Stickiness = future EDP negotiation power. $180K/yr post-credit burn puts us in the top decile of InsurTech AWS customers. That earns a custom Enterprise Discount Program contract at 15-25% off list — saving $30-45K/yr going forward.
Customers expect production-grade AI. If we cut Sonnet access to save $2K/mo, our risk analysis drops in quality, customers churn, and the whole burn plan collapses. $15K/mo is the cost of being taken seriously.
ML training compounds value.
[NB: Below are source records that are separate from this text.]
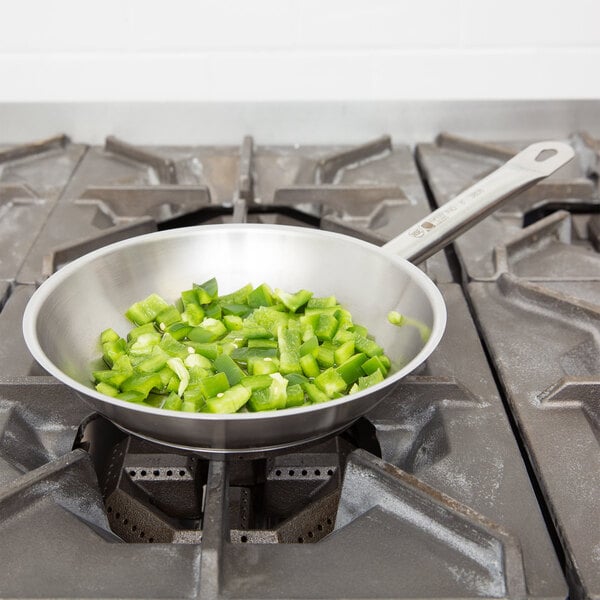 Ideal for use in low to medium volume commercial kitchens, this item features gently sloped sides that are perfect for turning, flipping, and removing delicious vegetable medleys from your pan. It also offers a stainless steel construction for flavor neutrality and an aluminum-clad bottom for even heat distribution, ensuring that your food is thoroughly warmed and cooked. Plus, its welded handle helps you avoid sanitation issues caused by harmful bacteria build-up.
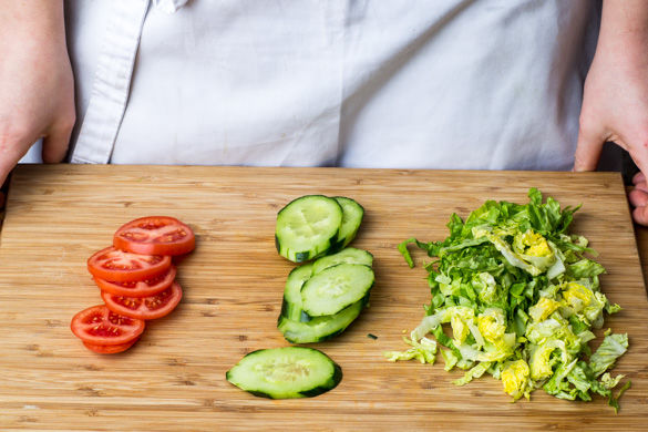 Den Strunk des Romanasalats entfernen, den Salat halbieren und in feine Streifen schneiden. Die Gurke nach Wunsch schälen und in ca. 0,5cm dicke Scheiben schneiden. Die Tomate ebenfalls in ca. 0,5cm dicke Scheiben schneiden.
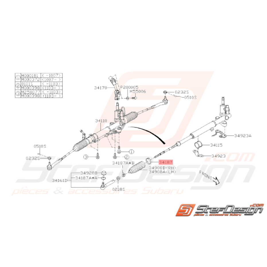Clip de Crémaillère pour Subaru WRX STI de 2008 à 2014.
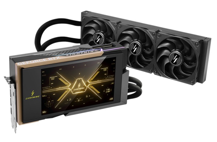 Но даже в заводском варианте эта видеокарта готова предложить лучшее сочетание потенциала и характеристик. Она охлаждается большим водоблоком полного покрытия с медным основанием, эффективной помпой и радиатором на три вентилятора 120 мм. Задняя сторона закрыта карбоновым бэкплейтом. Все это дополняет большой 8-дюймовый экран, на который можно выводить данные мониторинга или другую информацию.
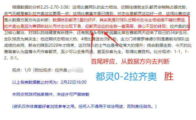 (温馨提示:观点回顾为已完场赛事的统计,并不能代表未来的观点预测结果走势,观点仅为其个人意见,与平.台无关。资讯仅供体育爱好者浏览,并不构成购.彩建议,任何人不得用于非法用途,请广大用户理性消费。)
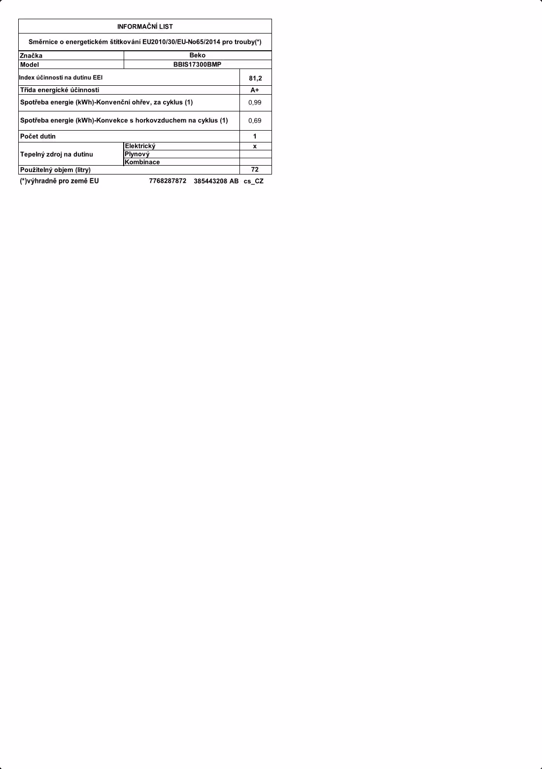 | Objem trouby L | 72 |
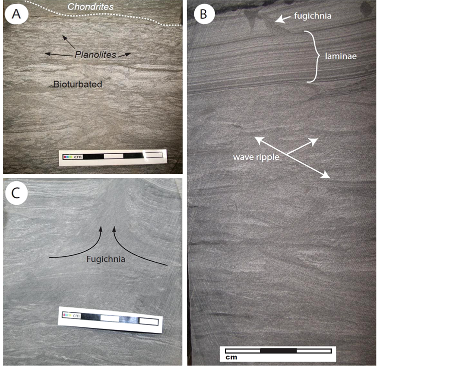 Figure 23. Shows depositional characteristics of Lithofacies F-3. (A) Shows bioturbated Lithofacies F-3 by Planolites and Chondrites (well: d-21-G/93-P-9; depth: 2534 m); (B) shows wave ripple, and lamination (well: 9-29-79-14W6; depth: 1967 m); (C) shows fugichnia, “escape trace” formed as a result of infauna attempt to escape burial during high, episodic sedimentation (well: 9-29-79-14W6; depth: 1984 m).

Weekly retraining on SageMaker is what makes the platform smarter. Cut that and we lose the "predictive" differentiator that justifies the price tag.

Funding Source for Post-Credit Burn

Series Seed extension: $250-500K at 18-24mo runway, $45K/quarter on AWS is ~9% of capital. Defensible.
Revenue: At 50 paying customers @ $500/mo = $25K MRR. AI/ML is 60% of COGS = $15K/mo. Self-funding at month 14.
AWS EDP: 15-25% discount after proving $180K/yr run rate — saves $27-45K/yr going forward.

Bottom line: We need to show AWS that we can sustain $10-20K/mo in real spend. The $100K credit was the down payment on proving production load. The next $45K is us putting our own capital where our roadmap is. If we can't afford that, we shouldn't be building this.